What to produce
The result should be the listing below restated word for word, with images left out.

Recorded information
== == ==

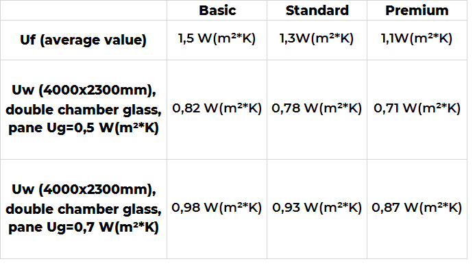 | Uf value | energy performance | 1,2 | 1,2 | 0,98 | 1,0 | - |
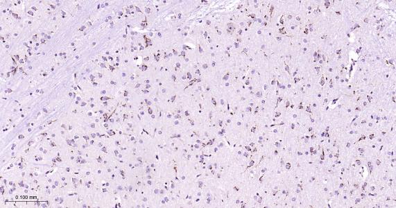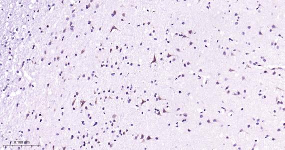 Paraformaldehyde-fixed, paraffin embedded Human Cerebrum; Antigen retrieval by boiling in sodium citrate buffer (pH6.0) for 15 min; Antibody incubation with TRPM7 Monoclonal Antibody, Unconjugated(bsm-61679R) at 1:200 overnight at 4°C, followed by conjugation to the bs-0295G-HRP and DAB (C-0010) staining.
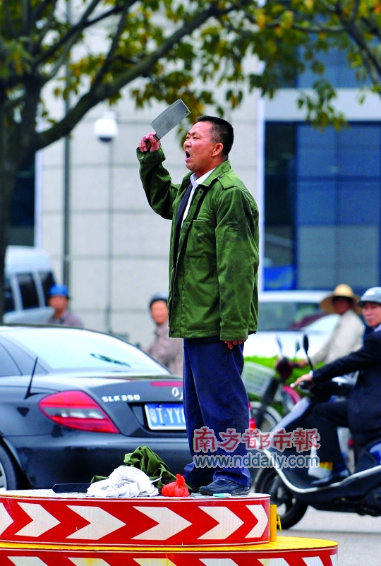 男子赶走交警指挥车辆昨日上午9时许,中山市政府门前兴中大道十字路口岗亭中央的交通指挥台上的交警,被一名手持菜刀的男子驱赶下来,附近巡警很快赶来,围在指挥台附近。男子数次向试图靠近的警察挥刀,将警察逼退之后,再次站上指挥台。“占领”制高点之后,男子脱掉了身上的衣服,然后套上一件草黄色外套。
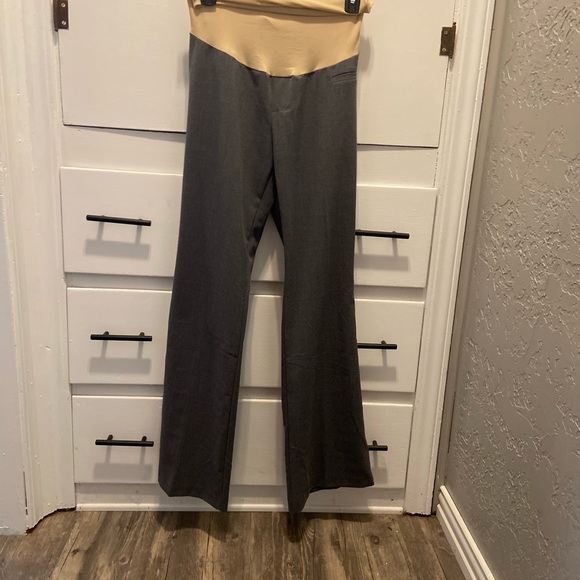 Motherhood gray maternity slacks that are very long in length and very soft material.

== == ==

Exercise answer
 | Uf value | energy performance | 1,2 | 1,2 | 0,98 | 1,0 | - |
 Paraformaldehyde-fixed, paraffin embedded Human Cerebrum; Antigen retrieval by boiling in sodium citrate buffer (pH6.0) for 15 min; Antibody incubation with TRPM7 Monoclonal Antibody, Unconjugated(bsm-61679R) at 1:200 overnight at 4°C, followed by conjugation to the bs-0295G-HRP and DAB (C-0010) staining.
 男子赶走交警指挥车辆昨日上午9时许,中山市政府门前兴中大道十字路口岗亭中央的交通指挥台上的交警,被一名手持菜刀的男子驱赶下来,附近巡警很快赶来,围在指挥台附近。男子数次向试图靠近的警察挥刀,将警察逼退之后,再次站上指挥台。“占领”制高点之后,男子脱掉了身上的衣服,然后套上一件草黄色外套。
 Motherhood gray maternity slacks that are very long in length and very soft material.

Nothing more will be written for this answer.